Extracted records
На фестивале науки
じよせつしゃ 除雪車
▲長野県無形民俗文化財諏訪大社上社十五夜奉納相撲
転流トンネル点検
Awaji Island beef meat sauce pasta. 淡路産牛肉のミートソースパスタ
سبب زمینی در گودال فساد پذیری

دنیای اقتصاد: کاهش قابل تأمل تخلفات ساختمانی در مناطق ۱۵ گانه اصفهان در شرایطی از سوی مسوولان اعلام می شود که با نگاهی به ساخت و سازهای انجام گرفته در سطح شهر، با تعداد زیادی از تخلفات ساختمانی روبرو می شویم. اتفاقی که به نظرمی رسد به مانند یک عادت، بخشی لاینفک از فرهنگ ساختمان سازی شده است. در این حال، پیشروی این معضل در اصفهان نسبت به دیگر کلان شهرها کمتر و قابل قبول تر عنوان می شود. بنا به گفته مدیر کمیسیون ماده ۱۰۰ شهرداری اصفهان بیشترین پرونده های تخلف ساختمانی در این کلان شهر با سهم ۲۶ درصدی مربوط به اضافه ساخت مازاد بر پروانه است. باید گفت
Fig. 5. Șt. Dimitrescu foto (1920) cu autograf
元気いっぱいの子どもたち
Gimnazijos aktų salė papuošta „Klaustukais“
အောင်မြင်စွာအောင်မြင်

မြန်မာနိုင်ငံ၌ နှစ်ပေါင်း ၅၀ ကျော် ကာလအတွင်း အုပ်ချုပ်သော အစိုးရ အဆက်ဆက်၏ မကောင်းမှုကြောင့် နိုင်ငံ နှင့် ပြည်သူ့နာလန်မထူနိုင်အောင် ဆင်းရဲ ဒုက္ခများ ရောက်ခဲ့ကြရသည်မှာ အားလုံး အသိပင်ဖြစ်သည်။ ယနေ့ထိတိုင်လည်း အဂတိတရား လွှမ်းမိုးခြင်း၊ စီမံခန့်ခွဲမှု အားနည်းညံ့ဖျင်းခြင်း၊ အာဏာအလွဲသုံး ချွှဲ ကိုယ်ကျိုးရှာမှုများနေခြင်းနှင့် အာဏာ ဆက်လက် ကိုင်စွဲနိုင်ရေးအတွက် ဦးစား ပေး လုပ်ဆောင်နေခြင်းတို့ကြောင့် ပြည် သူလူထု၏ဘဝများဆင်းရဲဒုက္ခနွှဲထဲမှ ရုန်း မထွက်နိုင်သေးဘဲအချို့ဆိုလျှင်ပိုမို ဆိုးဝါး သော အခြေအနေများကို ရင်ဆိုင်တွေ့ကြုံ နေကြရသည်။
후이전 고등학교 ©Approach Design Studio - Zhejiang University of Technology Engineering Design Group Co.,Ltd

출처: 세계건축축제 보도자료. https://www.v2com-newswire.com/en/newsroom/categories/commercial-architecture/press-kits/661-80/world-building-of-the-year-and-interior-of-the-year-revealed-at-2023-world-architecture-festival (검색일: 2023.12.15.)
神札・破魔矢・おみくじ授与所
---
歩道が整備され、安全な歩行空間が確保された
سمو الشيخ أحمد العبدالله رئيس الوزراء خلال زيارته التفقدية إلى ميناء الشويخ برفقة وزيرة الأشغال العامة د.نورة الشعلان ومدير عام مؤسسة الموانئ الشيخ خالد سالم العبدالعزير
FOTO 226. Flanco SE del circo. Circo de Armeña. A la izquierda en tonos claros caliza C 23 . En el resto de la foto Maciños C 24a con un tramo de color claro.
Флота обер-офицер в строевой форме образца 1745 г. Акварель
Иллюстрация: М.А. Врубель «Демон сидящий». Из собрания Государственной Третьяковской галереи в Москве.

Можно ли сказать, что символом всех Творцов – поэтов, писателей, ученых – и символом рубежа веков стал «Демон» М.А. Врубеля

**YOUR INSTRUCTIONS**. Among the entries, find each line that includes the string "foto" and copy it.

**ANSWER TO THIS TASK**.
Fig. 5. Șt. Dimitrescu foto (1920) cu autograf
FOTO 226. Flanco SE del circo. Circo de Armeña. A la izquierda en tonos claros caliza C 23 . En el resto de la foto Maciños C 24a con un tramo de color claro.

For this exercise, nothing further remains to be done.